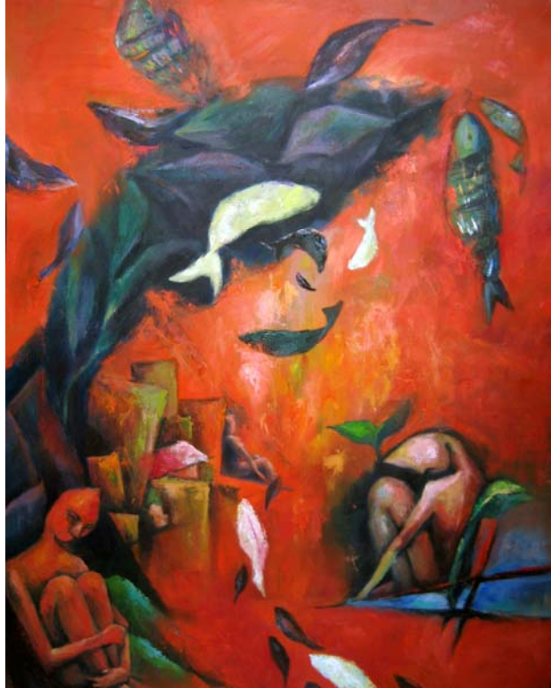
陳惠君 洄游 油彩·畫布 116.5 × 91 cm 2007

在第一節「洄游原鄉」的說明文字提到「追本溯源」，這是中國人相當重視的觀念，其代表意義為：追溯事物的根本源頭。所以，飲水要能思源，不要忘本，就像洄游的魚類，必須回到其出發
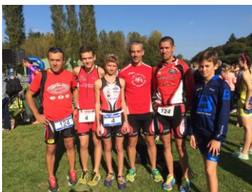
Jeunes et moins jeunes A Hennebont
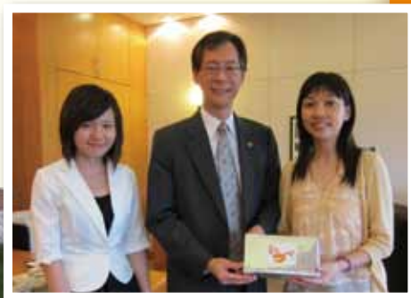
專訪結束後，本會同事致送紀念品給唐教授，感謝唐教授百忙之中抽空接受我們的專訪以及一直以來對本會的支持。

唐教授辦公室的牆上掛了一些家庭照，照片上唐教授和太太、兒女的臉上均洋溢著幸福、喜悅的燦爛笑容，讓筆者十分羨慕唐教授有個和睦美滿的家庭，同時亦為唐教授能在工作繁忙的同時兼顧好家庭感到非常佩服。筆者問唐教授：是否覺得要兼顧事業和家庭其實是一件辛苦的事？唐教授笑了笑，說：「我覺得不辛苦」。笑有很多種，唐教授的笑，是發自內心的笑。那一刻，筆者突然想起了那句「世上無難事，只怕有心人」。這句話正道出了唐教授成功的原因：用心地、全心全意地做好每一件事，無論是事業、家庭抑或其它。筆者相信，只要各位青年朋友都能以唐教授為榜樣，用心經營自己的學業或事業，抱著樂觀和積極的態度，定能用自己的勇氣和毅力克服各種困難，走出屬於自己的一片天。
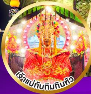
เจ้าแม่ทับทิมกินหัว
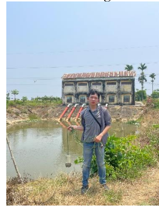
Hình 6. Trạm bơm Tír Cầu
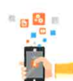
DOSSIER D'INFORMATION : Modification d'une antenne au PLAN DE LA TOUR
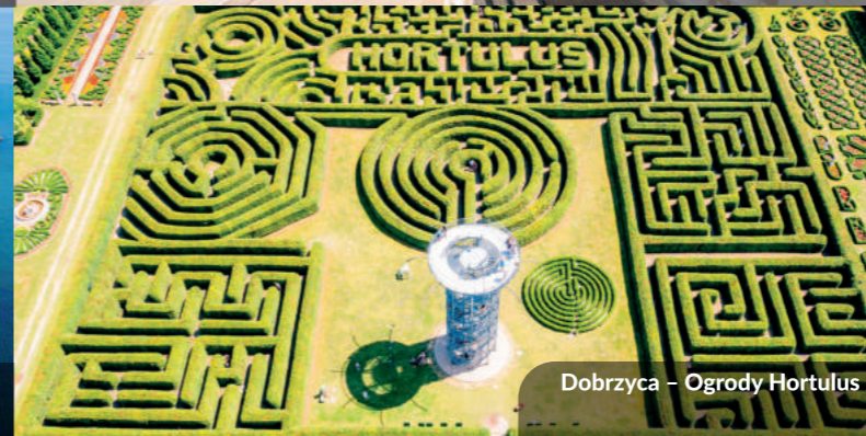
Dobrzyca – Ogrody Hortulus
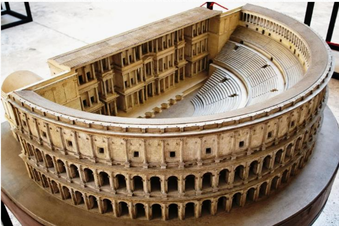
Римский театр Марцелла. Реконструкция

Современные театры строятся по тому же принципу, что и театры, создаваемые античными Римлянами: полукруглая зрительная часть зала, из которого открывается вид на сцену.
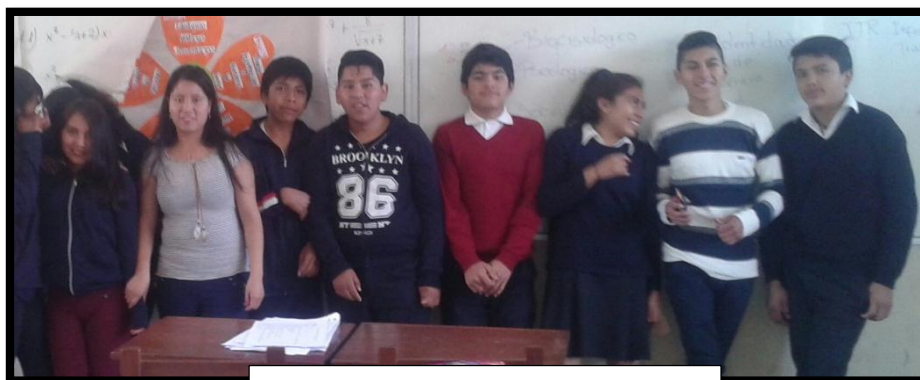
Momento 6: Cierre del proceso educativo
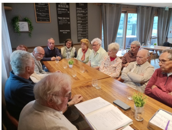
Notre rencontre été 2025
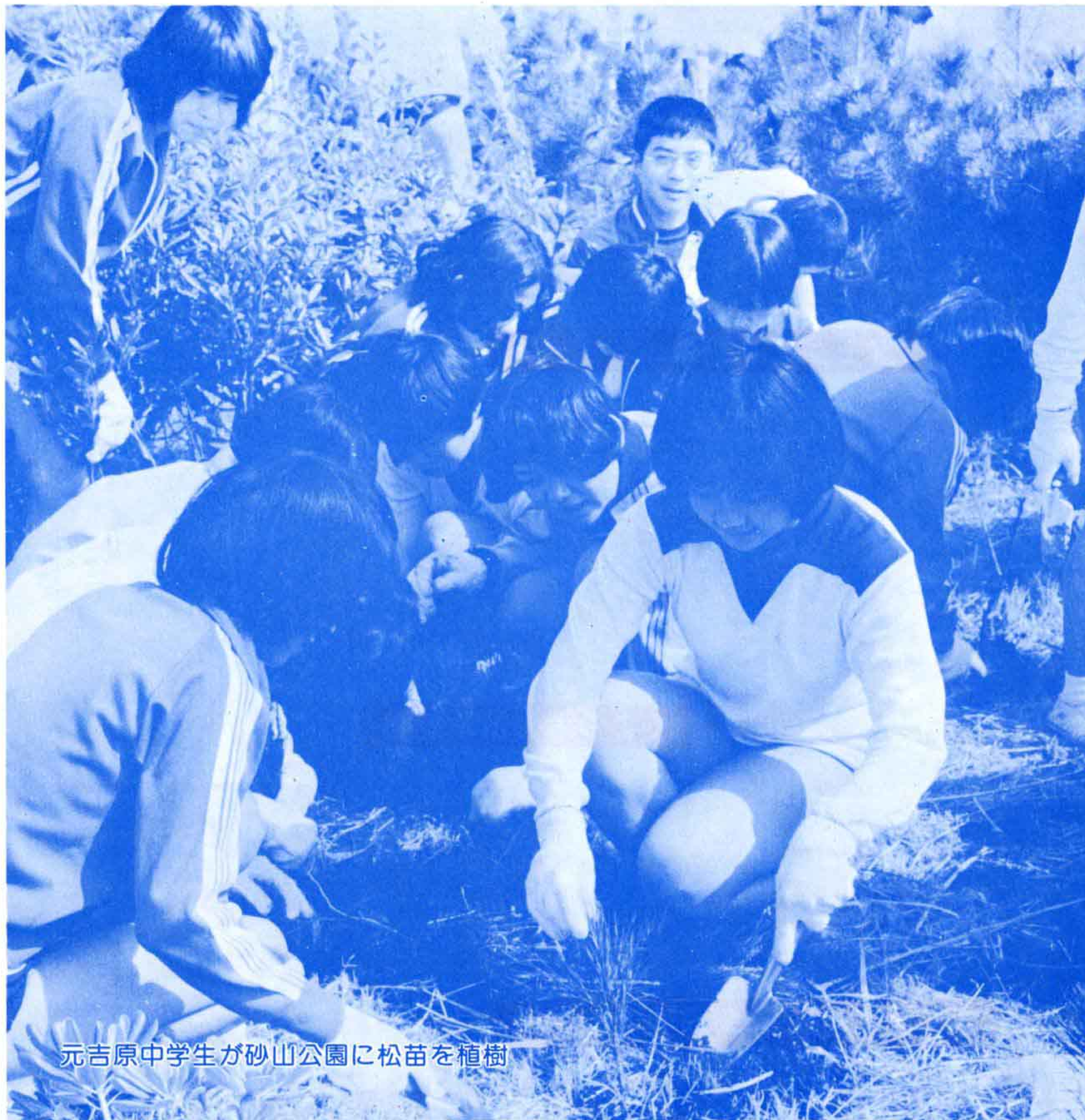
元吉原中学生が砂山公園に松苗を植樹
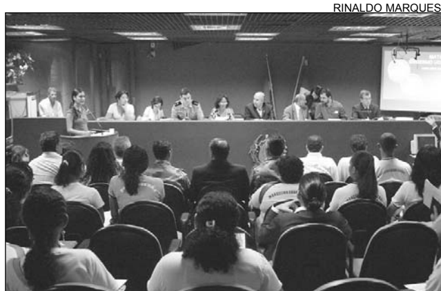
AUDITÓRIO - Entidades detalham processo de negociação

Técnicos presentes na audiência pública afirmaram que a preservação desse espaço é de vital importância para o Recife, não apenas por ser a maior área verde na cidade, chegando a ocupar 1% da extensão da Capital, como também por estar localizada em um desnível. Este último fator é preocupante porque, se houver desmatamento, as comunidades ao redor serão prejudicadas. A mata se localiza às margens da BR-101 Sul e da Avenida
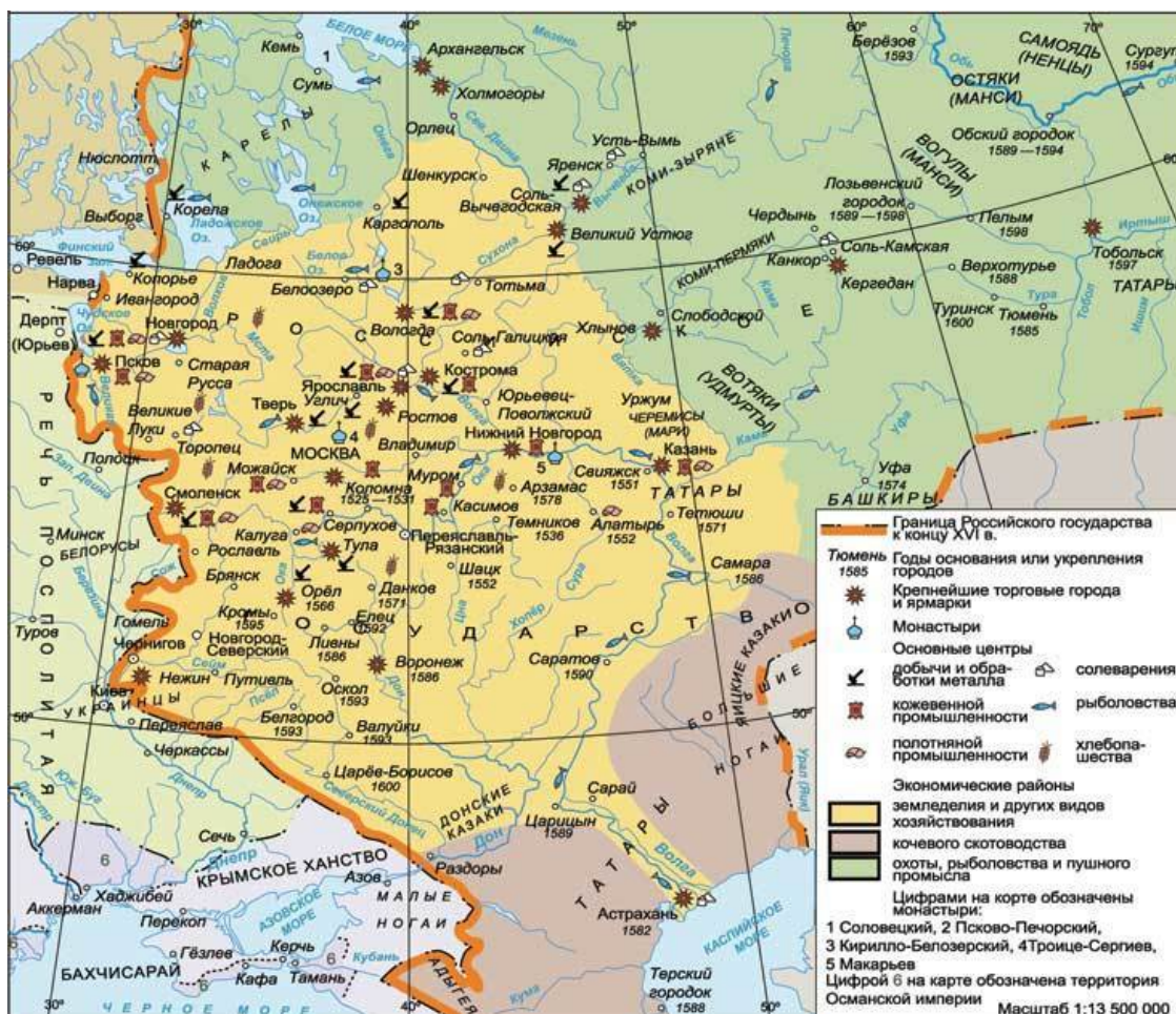
Российское государство в конце XVI в.

убрана. И звали ее тогда не инокиней Ольгой. В той, недавней, но уже такой далекой мирской жизни звалась она царевной Ксенией Борисовной Годуновой.
---------------
Action item - Only an exact copy is wanted here: the line containing "Российское государство в конце XVI в." and every later line, up to and including the last line of the listing.

Exercise response -
Российское государство в конце XVI в.

убрана. И звали ее тогда не инокиней Ольгой. В той, недавней, но уже такой далекой мирской жизни звалась она царевной Ксенией Борисовной Годуновой.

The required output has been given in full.